Неожиданно тот парень снова вышел из-за куста. Тень его появилась раньше, чем послышались шаги.

— Я, — забормотал Ефрем, — я…

— Вот здесь оставишь еду, — сказал Начо, не слушая его.

— И смотри, чтобы никто тебя не видел, — строго предупредил парень.

Коротким жестом руки Начо отослал его и глухо закашлялся; больше говорить было не о чем.

* * *

На обратном пути Ефрем шел так быстро, будто за ним гнались, время от времени спрашивая себя, как если б он только проснулся, с ним ли это случилось, или страшное свидание с Начо ему приснилось, озирался, оглядывая пустое поле, и ждал, что вот-вот услышит выстрелы, лязг оружия и увидит зеленые кители за межами. Дыхание со свистом вылетало из его груди, он вдыхал воздух часто-часто, а его все не хватало, еще немного, и он рухнет замертво на землю… «Оставишь еду под кустом…» Почему, Начо? Ты ранен, я понимаю, но я-то в чем провинился, мне-то за что под обух идти? Не бывать этому! Только захлопнув за собой дверь своего домишки, Ефрем, взмокший от пота, сообразил, что забыл мотыгу на винограднике. Пропади она пропадом! Он снял крышку с горшка, стоявшего на кирпичах возле очага, — фасолевая похлебка была сварена и подперчена, кукурузный хлеб испечен и завернут в полотенце, чтобы отмякла корочка, а жена ушла пасти корову. Ефрем выкурил цигарку при закрытой двери, успокоился и вышел во двор.
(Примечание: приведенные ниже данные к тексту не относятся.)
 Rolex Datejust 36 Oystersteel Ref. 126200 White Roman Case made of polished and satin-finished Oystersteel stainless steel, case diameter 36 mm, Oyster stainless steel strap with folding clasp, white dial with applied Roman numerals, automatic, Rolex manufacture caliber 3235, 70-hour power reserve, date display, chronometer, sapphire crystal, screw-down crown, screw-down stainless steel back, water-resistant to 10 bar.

Только он посмотрел на дядин дом, как перед его глазами опять всплыл Начо — лежит в тени от куста, опершись на локоть, — но теперь, на расстоянии, этот образ его не пугал — вокруг все было знакомо, привычно, мирно. «Начо, братишка!» — простонал Ефрем, обожженный жалостью, которая неведомыми путями пришла к нему только сейчас, и враз решил, что надо отнести ему еду, невозможно не отнести, как он оставит родного человека, тяжело раненного, попавшего в такую беду! И это внезапное решение вновь представило все в таком страшном свете, что у Ефрема сердце оборвалось и на мгновенье подкосились ноги. Он шумно вздохнул, скрутил новую цигарку из клочка газеты и долго выбивал огнивом искру из кремня, унимая дрожавшие руки; наконец успокоился, сделал короткую затяжку и опять уставился на дядин дом.
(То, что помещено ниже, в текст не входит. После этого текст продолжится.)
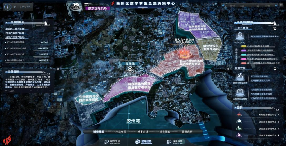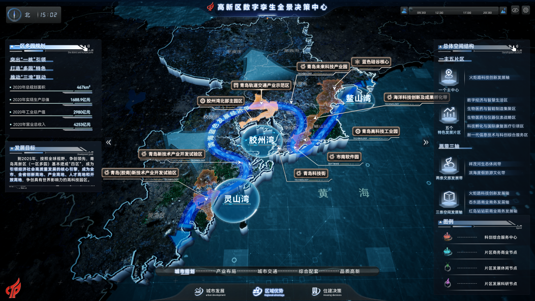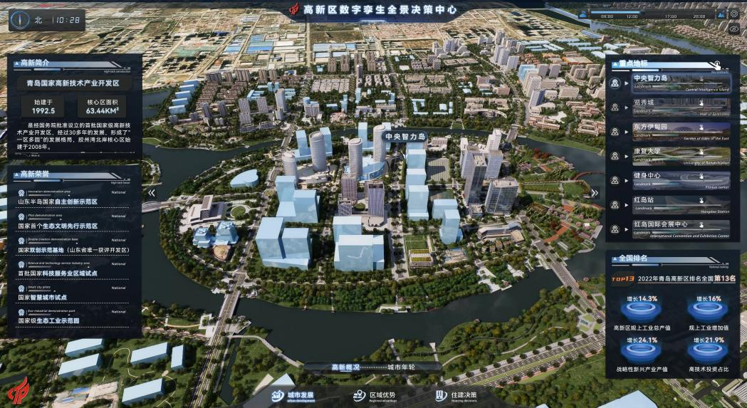 在此基础上,青岛高新区还创新打造“数字孪生全景决策中心”与“重大工程进度遥感监测系统”。两大系统如同“智慧之眼”与“决策之手”,实现对重点项目的实时监管与动态评估,为城市运行提供可视化、可预测、可调控的智能支撑,助力城市治理者精准把握运行细节,及时优化策略,推动实现精准、高效、有序治理。

Глаза его подернулись дымкой, он смотрел словно сквозь прозрачную завесу, за которой все казалось смягченным и зыбким. «Экой домина! После этого кровососа дом остался совсем новый, три большие комнаты и отдельный погреб, а сын его помирает на меже, простреленный двумя пулями… — Ефрем отшвырнул щепку, попавшуюся ему под ноги. — Пропади он пропадом, этот дом! Человеку ничего не нужно, кроме куска земли метр на два. Начо, братишка, я отнесу тебе еду, головы не пожалею!» У Ефрема защипало глаза, он вытер их, бросил недокуренную цигарку и, повернувшись спиной к дядиному дому, нырнул под навес. Из сплетенных, оставленных на семя кукурузных початков он оторвал один, накрошил его в миску, кликнул кур и высыпал зерна на сухую землю. Куры тут же забыли про свою птичью лень и, растопырив крылья, с жадностью кинулись к зернам. Ефрем подманивал их все ближе и, наконец, схватил одну, остервенело клевавшую у самых его ног. Остальное было проще простого. Он отрубил ей голову на чурбане, поставил кипятить воду и успел ощипать курицу до возвращения жены.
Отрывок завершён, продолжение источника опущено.